By the way, Remington has a $15 rebate on 5 boxes. But only until Jan 31. You can go to their website for the form.

A couple of us just each ordered case of it. We love it, and especially for that price. Its still more expensive than steel by a lot. But we find we go through a lot less shells and have a lot fewer cripples. At one point last year, we had 14 Canadas for 16 shells. I'm sure there are plenty of guys can match that with steel, but I know we weren't when we were shooting steel. Considering what we've got in blinds, decoys, guns, dogs, etc., we figured why compromise on the last step in the process.


----------



## bobcat (Mar 23, 2004)

Tried Hevi-shot for turkeys last spring....but couldn't get it to pattern worth a **** out of my Benelli! But I still think that if you can pattern it--its's a darn good shell! :sniper:


----------



## Ron Gilmore (Jan 7, 2003)

This is not about Hevi Shot. It is about Hevi Steel a different product in the same line!


----------



## Pluckem (Dec 26, 2002)

Thanks for the info on your experiences with it.
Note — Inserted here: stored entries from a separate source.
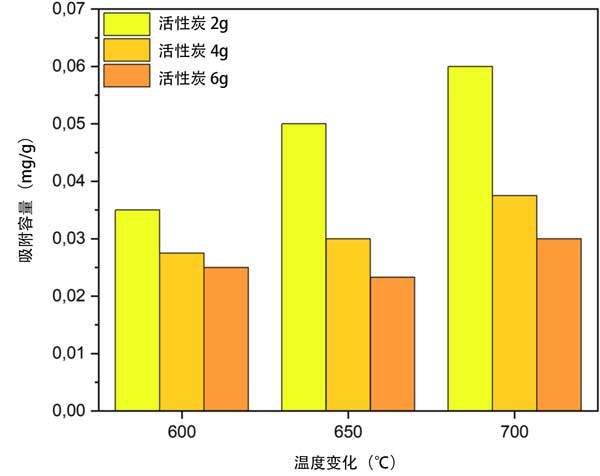 從測(cè)試結(jié)果可以看出,在700℃溫度下,吸附劑質(zhì)量為6g,濃度為0.2mg/L,降低百分比為90%。氨(NH3)濃度的降低與質(zhì)量變化的增加和活化溫度的升高成正比。吸附劑質(zhì)量越大且溫度越高,氨(NH3)濃度降低得越多。在圖2中,顯示了活性炭的吸附容量值。因此,可以得出結(jié)論,吸附劑質(zhì)量為2g、溫度為700℃時(shí)達(dá)到最高吸附容量,即0.06 mg/g。然而,盡管700℃下6g吸附劑質(zhì)量顯示出氨(NH3)濃度百分比降低,但與700℃下2g吸附劑質(zhì)量相比,其吸附容量仍然較低,為0.03mg/g。這是由于NH3吸附過程是由分子間相互作用驅(qū)動(dòng)的,例如靜電引力、氫鍵、范德華相互作用等。此外,結(jié)果表明,源自肉豆蔻殼的活性炭可以有效降低氨(NH3)水平。那么活性炭具有良好的穩(wěn)定性,并通過吸附容量值證明。
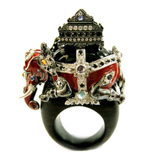 This unique ring showcases a religious-themed design with a temple and elephant accent. It is decorated with colored shiny stones for added style. Draw attention to your hand with this one-of-a-kind ring.
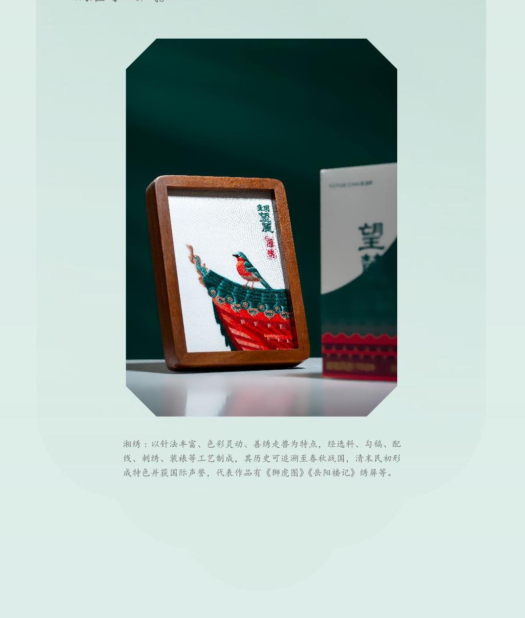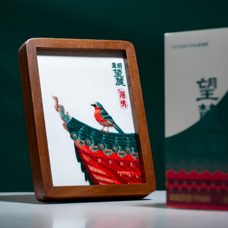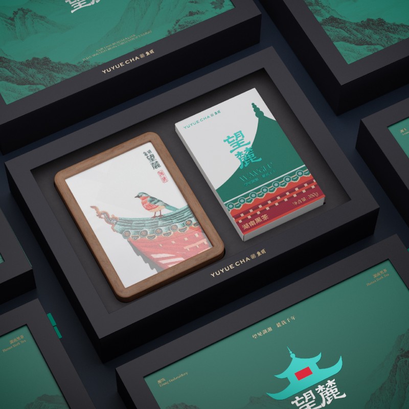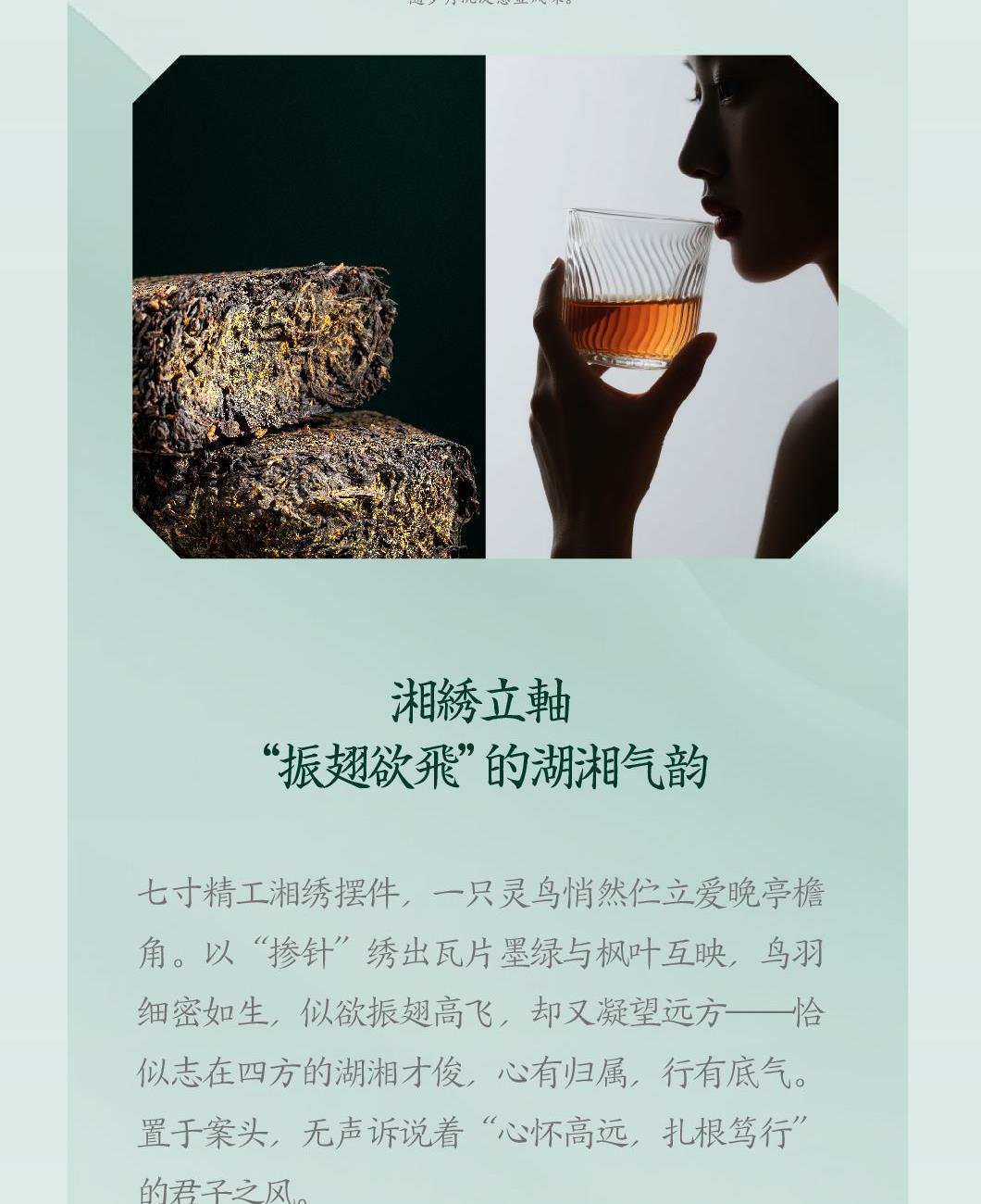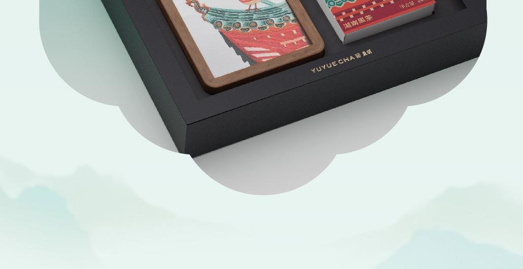 鱼玥望麓非遗文创两件套B款安化黑茶+湘绣摆件组合
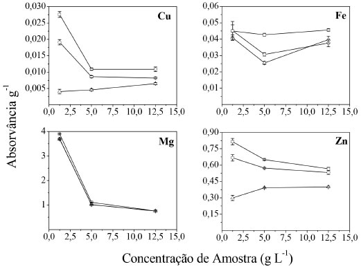 ![]() Figura 1. Efeito da concentraçao de amostra no sinal de absorvância dos analitos Cu, Fe, Mg e Zn em soluçoes de diferentes granulometrias: (□) <25 µm; (○) entre 25 a 53 µm e (△) entre 53 a 150 µm
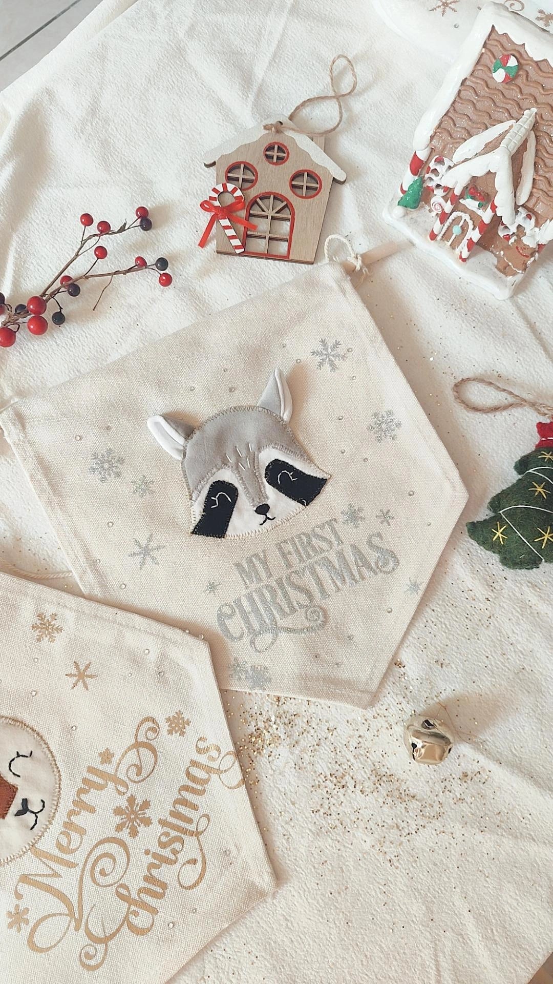 Apportez une touche de douceur et de magie à votre décoration avec ce fanion de Noël entièrement cousu à la main, à l’effigie des doudous “Aux Merveilles de Charlotte” 🧸✨Une création unique, pleine de tendresse, imaginée pour accompagner les premiers Noëls de bébé et décorer la maison avec poésie.
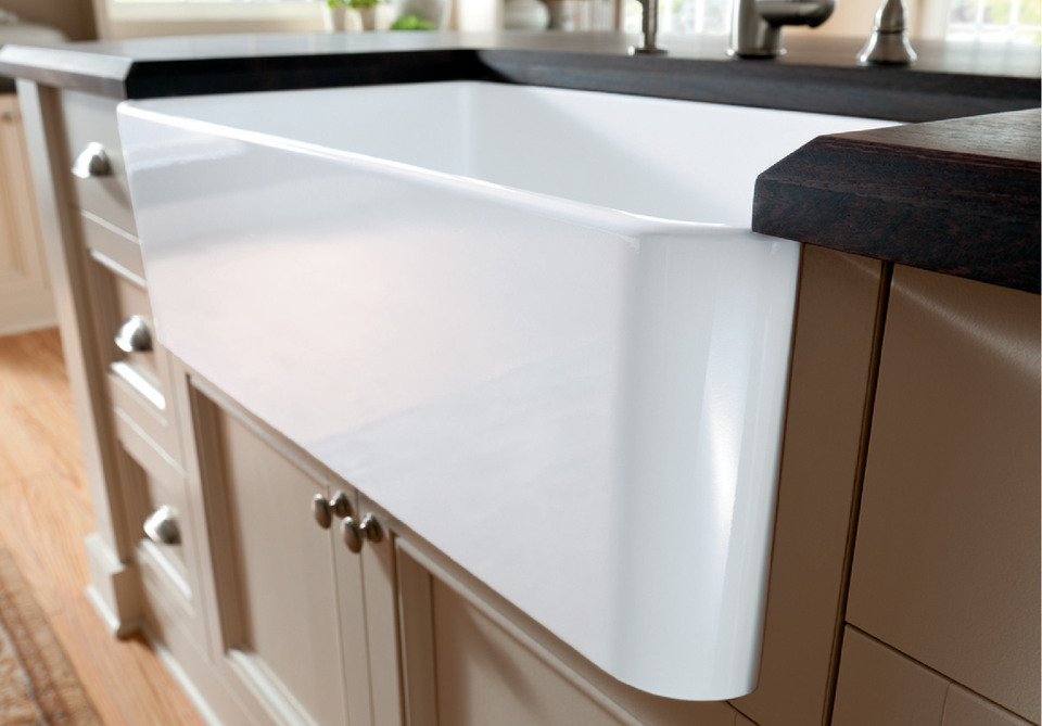 - Contemporary farmhouse style with an ultra-durable apron front

I havent shot it yet, but hopefully it patterns well and cycles for me.


----------



## Pluckem (Dec 26, 2002)

Nutmeg- are you talking about hevi-shot or hevi-steel? $15 off would be nice.


----------



## nutmeg honkers (Dec 21, 2003)

Sorry, I should have read the post closer. That was Remington Hevi-Shot that I was talking about, and yes, there's $15 rebate on 5 boxes. Cabela's sells a six box case that I just ordered for next season. Plus I had a $30 off any purchase over $100 coupon, so that took it down to just about $10/box for 3" 1.5 oz.


----------